Given an integer array nums, compute the sum of XOR totals for every possible subset of nums. Each subset's XOR total is calculated as the bitwise XOR of all its elements, and the empty subset counts as 0. Subsets with the same elements are counted separately.

Return the integer sum of all these XOR totals. For example, for nums = [1,3], the subsets are [], [1], [3], and [1,3], producing XOR totals 0, 1, 3, and 2, summing to 6.

Examples

Example 1

Input: nums = [1,3]

Output: 6

The 4 subsets of [1,3] are:

  • The empty subset has an XOR total of 0.
  • [1] has an XOR total of 1.
  • [3] has an XOR total of 3.
  • [1,3] has an XOR total of 1 XOR 3 = 2. 0 + 1 + 3 + 2 = 6

Example 2

Input: nums = [5,1,6]

Output: 28

The 8 subsets of [5,1,6] are:

  • The empty subset has an XOR total of 0.
  • [5] has an XOR total of 5.
  • [1] has an XOR total of 1.
  • [6] has an XOR total of 6.
  • [5,1] has an XOR total of 5 XOR 1 = 4.
  • [5,6] has an XOR total of 5 XOR 6 = 3.
  • [1,6] has an XOR total of 1 XOR 6 = 7.
  • [5,1,6] has an XOR total of 5 XOR 1 XOR 6 = 2. 0 + 5 + 1 + 6 + 4 + 3 + 7 + 2 = 28

Example 3

Input: nums = [3,4,5,6,7,8]

Output: 480

The sum of all XOR totals for every subset is 480.

Constraints

  • 1 <= nums.length <= 12
  • 1 <= nums[i] <= 20

Solution Approach

Backtracking over subsets

Use a recursive function that explores including or skipping each element of nums. At each step, update the current XOR total and call recursively until all elements are considered.

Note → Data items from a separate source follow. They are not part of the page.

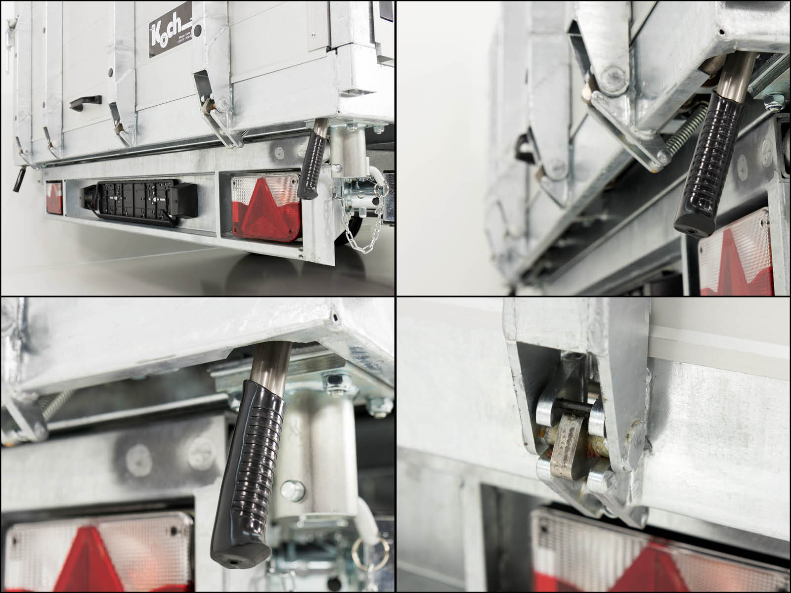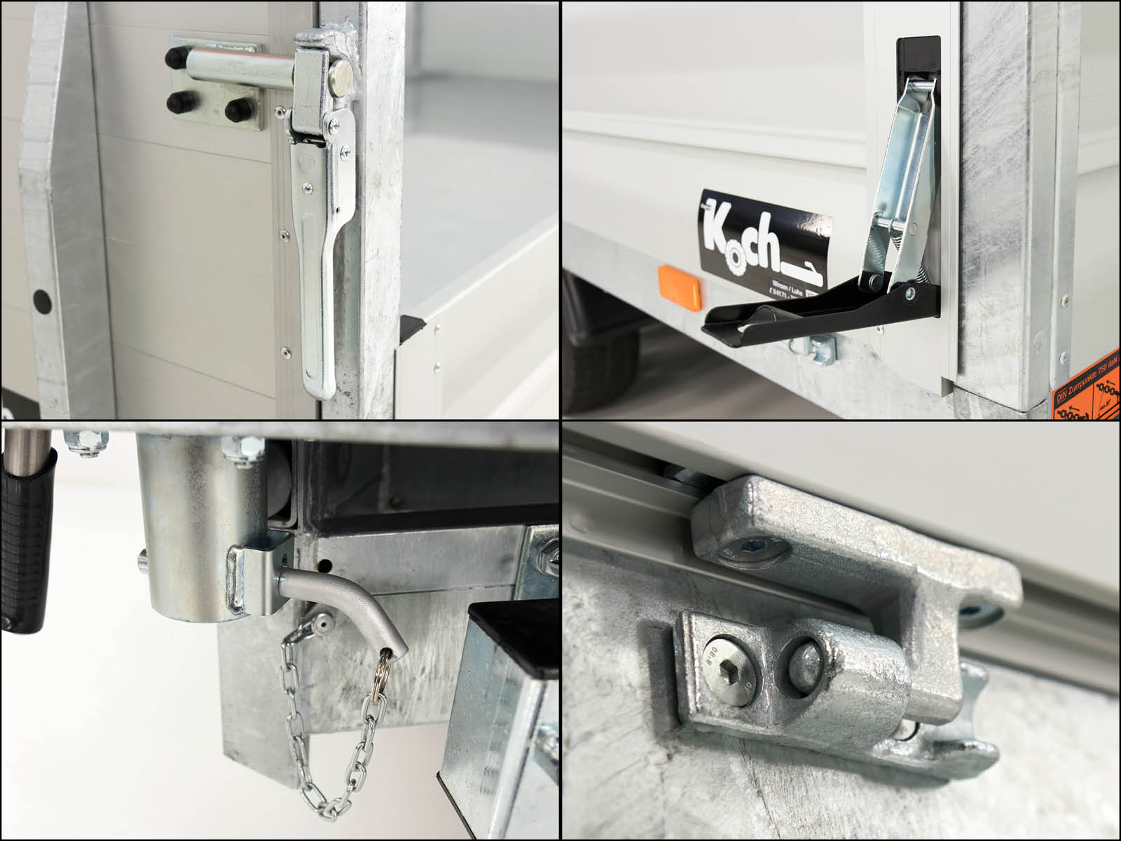 - Zurrbügel: 8 Stück im Bodenrahmenprofil, gummiert 500 daN (kg)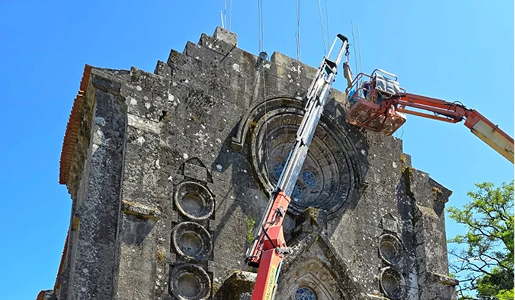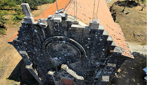 Por encargo de la Asociación de la Comisión de Santa María de Caritel, llevamos a cabo las obras de reparación de la espadaña de la iglesia parroquial. Tras una fase previa de reconstrucción y restauración estructural, en el momento de la colocación —y debido a la complejidad de la intervención— contamos con la colaboración de la empresa GRANIVER, especialistas en la elaboración de piezas artesanales en piedra.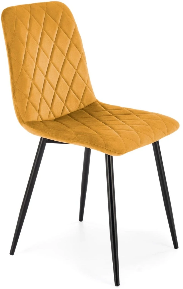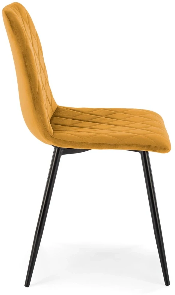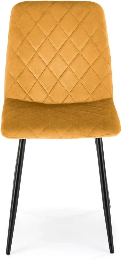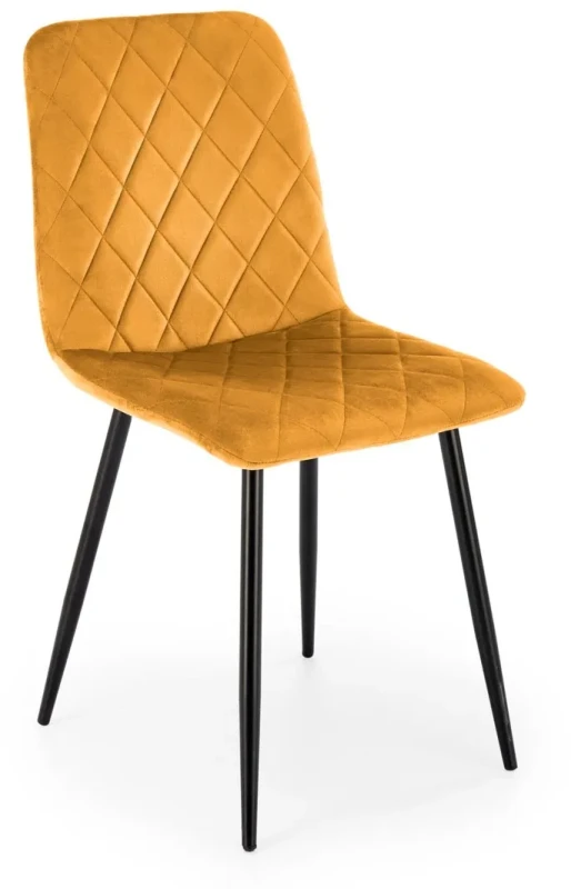 Krzesło tapicerowane K525 pikowane welurowe na czarnych nogach do jadalni musztardowy

Prune unnecessary computations

Since XOR is associative and commutative, you can pass the running XOR total through recursion instead of recalculating from scratch for each subset. This reduces redundant operations and aligns with the backtracking pattern.

Sum XOR totals

Maintain a global sum that adds the current XOR total when reaching the end of recursion. Return this sum once all subsets have been processed, ensuring every subset contributes correctly.

Complexity Analysis

Metric Value
Time O(N)
Space O(1)

The algorithm visits each element once per subset, but the total number of subsets is 2^N. Due to the problem constraint N <= 12, this is feasible. Space is minimal because recursion depth is at most N and no extra data structures are needed.

What Interviewers Usually Probe

  • Focus on generating all subsets without duplicates using backtracking.
  • Check if intermediate XOR totals can be carried forward to avoid recomputation.
  • Consider how bit manipulation can simplify combining subset elements.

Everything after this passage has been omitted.